TASK DIRECTIONS -> Look below for the line with "Leírás: Ő cs."; begin the copy there and stop after the line with "ANTIGUA POSTAL DE", keeping the text exact and the pictures out.

SUPPLIED RECORDS ->
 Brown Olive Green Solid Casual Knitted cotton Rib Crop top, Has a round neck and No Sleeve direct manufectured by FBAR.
==
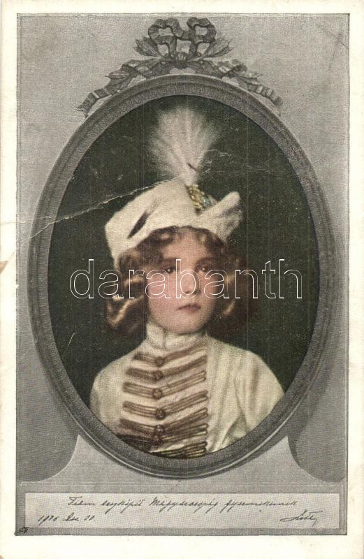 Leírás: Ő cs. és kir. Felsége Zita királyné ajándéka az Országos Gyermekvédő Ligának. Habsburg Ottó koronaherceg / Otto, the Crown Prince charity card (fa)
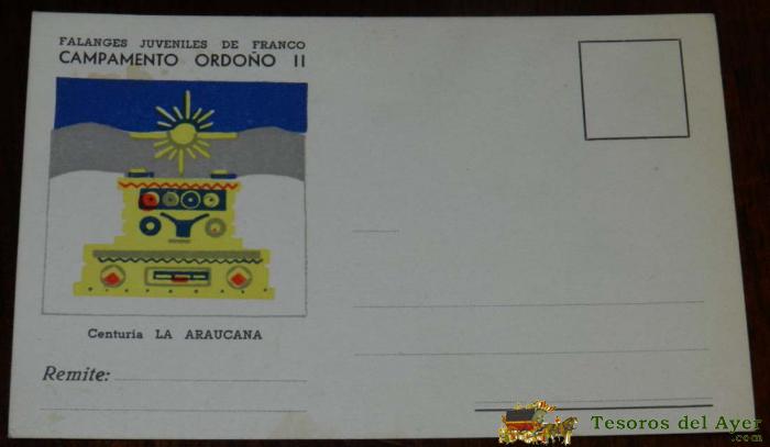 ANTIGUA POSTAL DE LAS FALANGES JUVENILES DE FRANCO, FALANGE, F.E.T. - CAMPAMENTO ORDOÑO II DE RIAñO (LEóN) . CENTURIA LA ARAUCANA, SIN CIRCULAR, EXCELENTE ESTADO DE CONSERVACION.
...
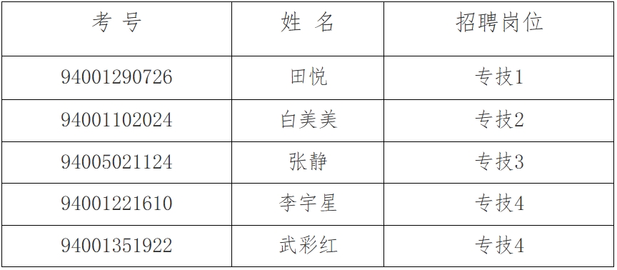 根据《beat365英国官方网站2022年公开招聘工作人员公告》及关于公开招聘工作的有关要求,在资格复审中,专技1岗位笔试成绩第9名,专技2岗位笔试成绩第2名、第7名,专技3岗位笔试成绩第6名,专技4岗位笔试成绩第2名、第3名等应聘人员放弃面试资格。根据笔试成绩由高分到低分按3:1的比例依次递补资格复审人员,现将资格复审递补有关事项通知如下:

ANSWER TO THIS PROBLEM ->
 Leírás: Ő cs. és kir. Felsége Zita királyné ajándéka az Országos Gyermekvédő Ligának. Habsburg Ottó koronaherceg / Otto, the Crown Prince charity card (fa)
 ANTIGUA POSTAL DE LAS FALANGES JUVENILES DE FRANCO, FALANGE, F.E.T. - CAMPAMENTO ORDOÑO II DE RIAñO (LEóN) . CENTURIA LA ARAUCANA, SIN CIRCULAR, EXCELENTE ESTADO DE CONSERVACION.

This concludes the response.